Now the sshd(8) daemon. The only thing we need to do is to add it to the system startup and also add X11UseLocalhost no option to its config file.

(root@jail) # sysrc sshd_enable=YES
sshd_enable: NO -> YES

(root@penal advanced) # echo X11UseLocalhost no >> /etc/ssh/sshd_config

(root@penal advanced) # carrier sshd delivery
Producing RSA host key.
2048 SHA256:VnrvItf0tl738C5Oc2St6T63/6o8zaDlfUskB+NrElo root@firefox (RSA)
Producing ECDSA host key.
256 SHA256:ZAjcAGqlrVwvY+J9MuVzErx9QUOqIOJE3nJX/Oqwtpk root@firefox (ECDSA)
Producing ED25519 host key.
256 SHA256:JdzUql2D2+X8iBn3c1jWDHQRNQMKqWGOcL4J16fIX0E root@firefox (ED25519)
Performing sanity test on sshd configuration.
Starting sshd.

Copying your public SSH key is now not compulsory but while you leave out this step then you are going to comprise to form your FreeBSD Jail client password each time you are going to desire to delivery your staunch Firefox occasion.

vermaden@host % ssh-reproduction-id -i ~/.ssh/id_rsa vermaden@

Now you can delivery your containerized browser. I comprise added some priceless flags for ssh(1) client devour compression with -C and quickest supported encryption with -c aes128-ctr possibility. The -X is for X11 Forwarding possibility. I also added GDK_SYNCHRONIZE=1 to blueprint Firefox cry much less ๐Ÿ™‚

vermaden@host % ssh -C -c aes128-ctr -X vermaden@ env GDK_SYNCHRONIZE=1 firefox --original-occasion

Now without password you are going to honest peaceable gape original Firefox occasion.
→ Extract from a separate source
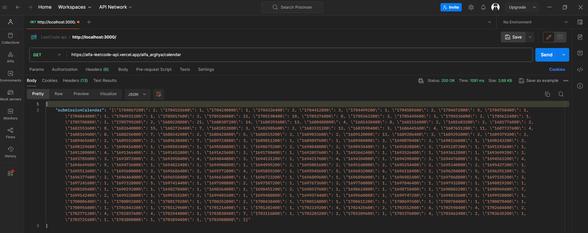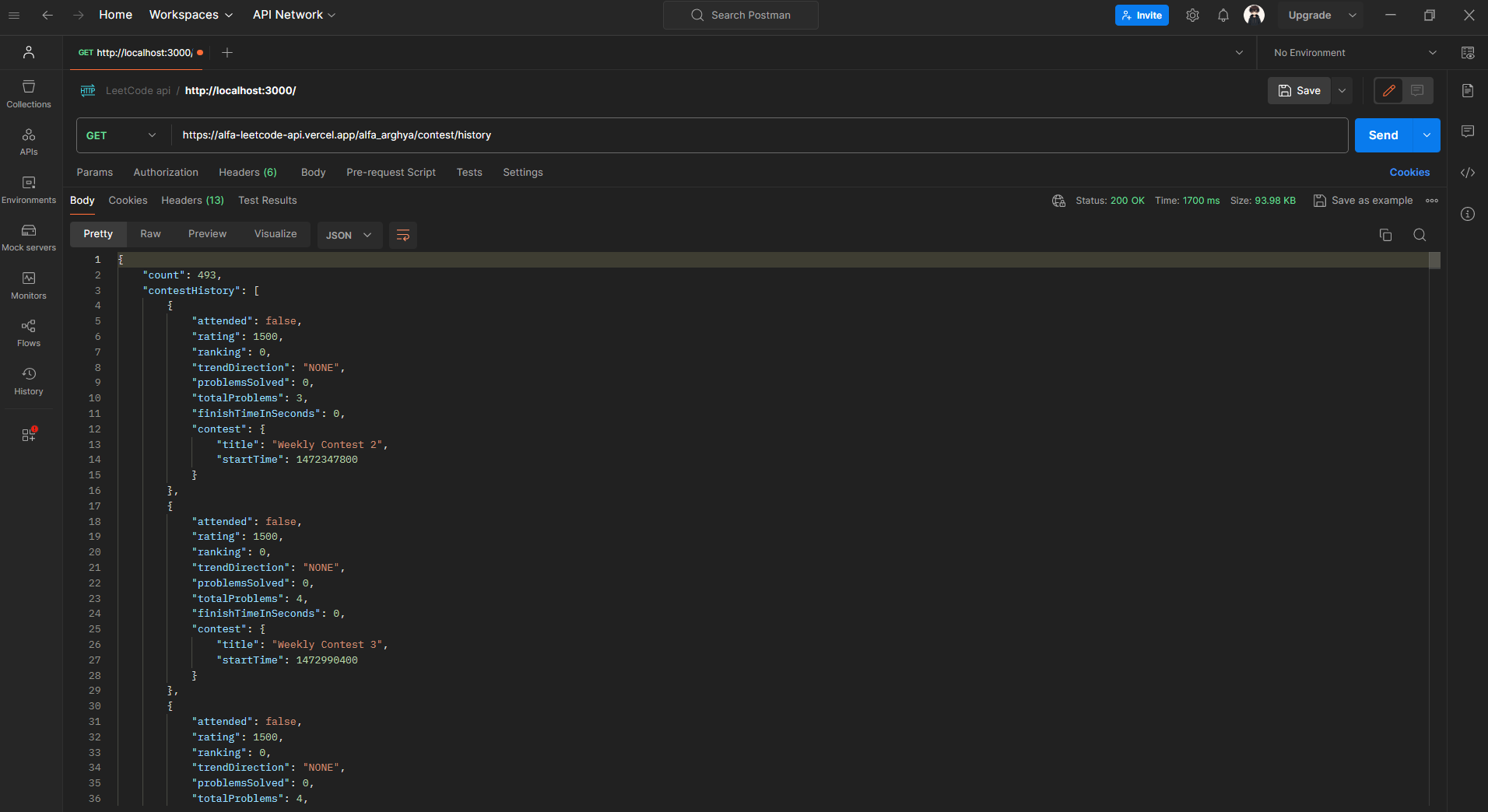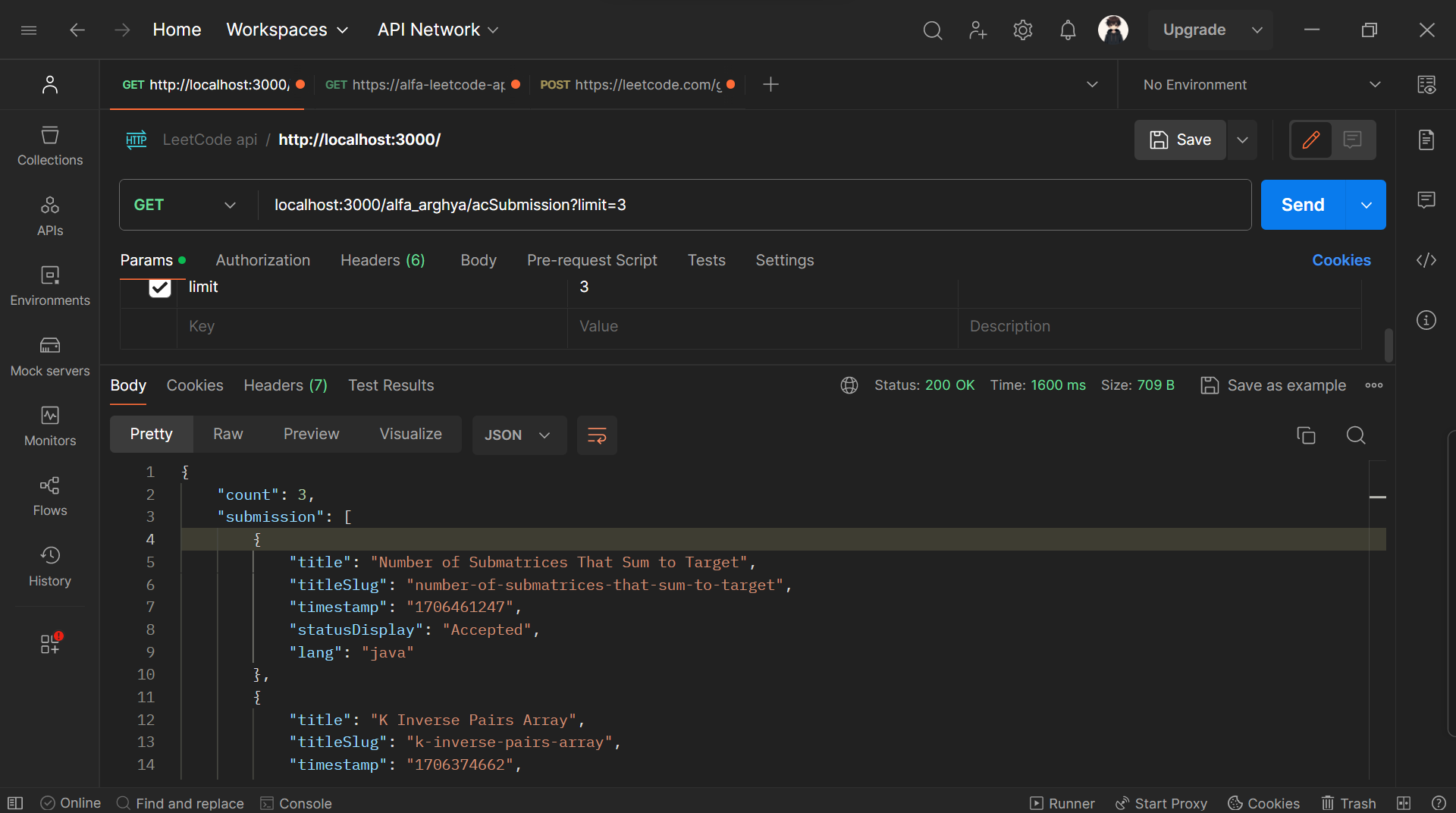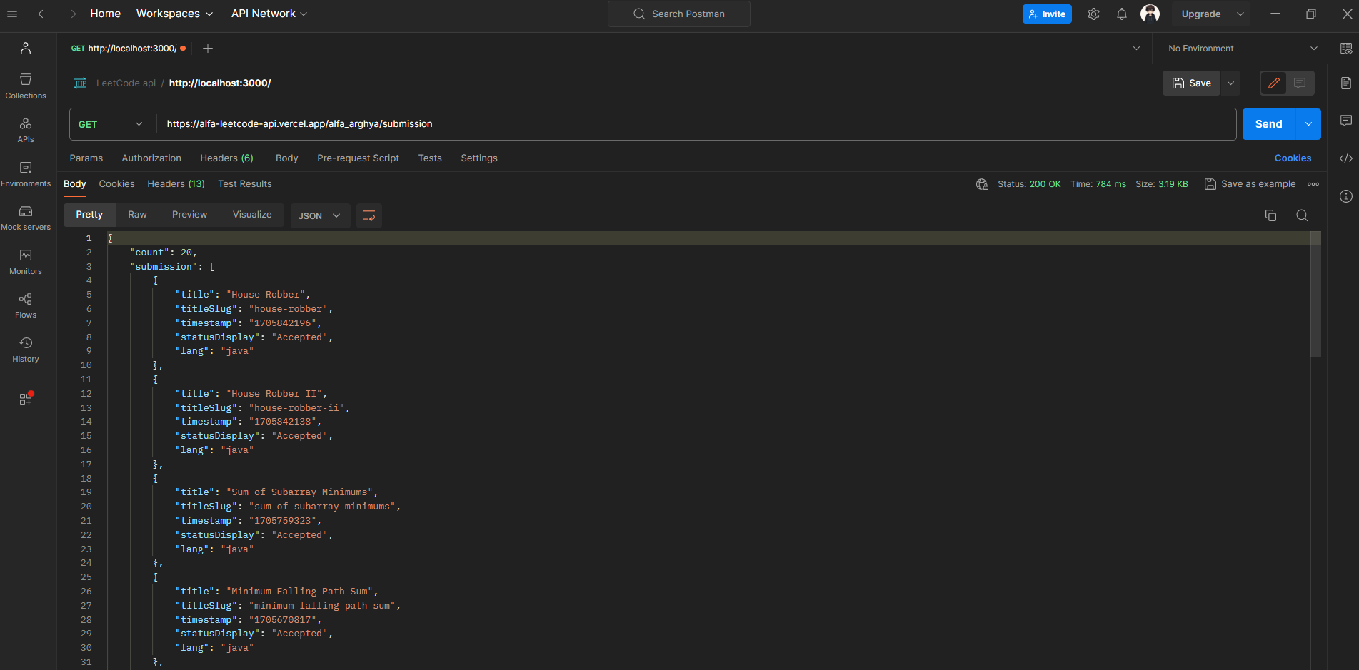 alfa-leetcode-api is a custom solution born out of the need for a well-documented and detailed LeetCode API. This project is designed to provide developers with endpoints that offer insights into a user’s profile, badges, solved questions, contest details, contest history, submissions, and also daily questions, selected problem, list of problems.

I will now strive to play some random video. I’m able to now not point to you that from an image however the sound also works ๐Ÿ™‚


Identical setup will most definitely be created for diversified browser if Firefox is now not your browser of quantity pointless to mutter. At the same time as you are going to be outlandish how noteworthy residence it makes use of its about this:

root@host # du -smx /penal advanced/BASE/13.0-RELEASE-spoiled.txz /penal advanced/firefox 

181 /penal advanced/BASE/13.0-RELEASE-spoiled.txz

1603 /penal advanced/firefox

root@host # du -smx -A /penal advanced/BASE/13.0-RELEASE-spoiled.txz /penal advanced/firefox

181 /penal advanced/BASE/13.0-RELEASE-spoiled.txz

2601 /penal advanced/firefox

I also added the -A flag in 2nd the du(1) uncover to point to you the draw noteworthy more residence might possibly possibly possibly be dilapidated without the ZFS LZ4 compression.


Be a part of the pack! Be a part of 8000+ others registered customers, and get chat, blueprint groups, put up updates and blueprint friends around the arena!



Hey! look, i give tutorials to all my users and i help them!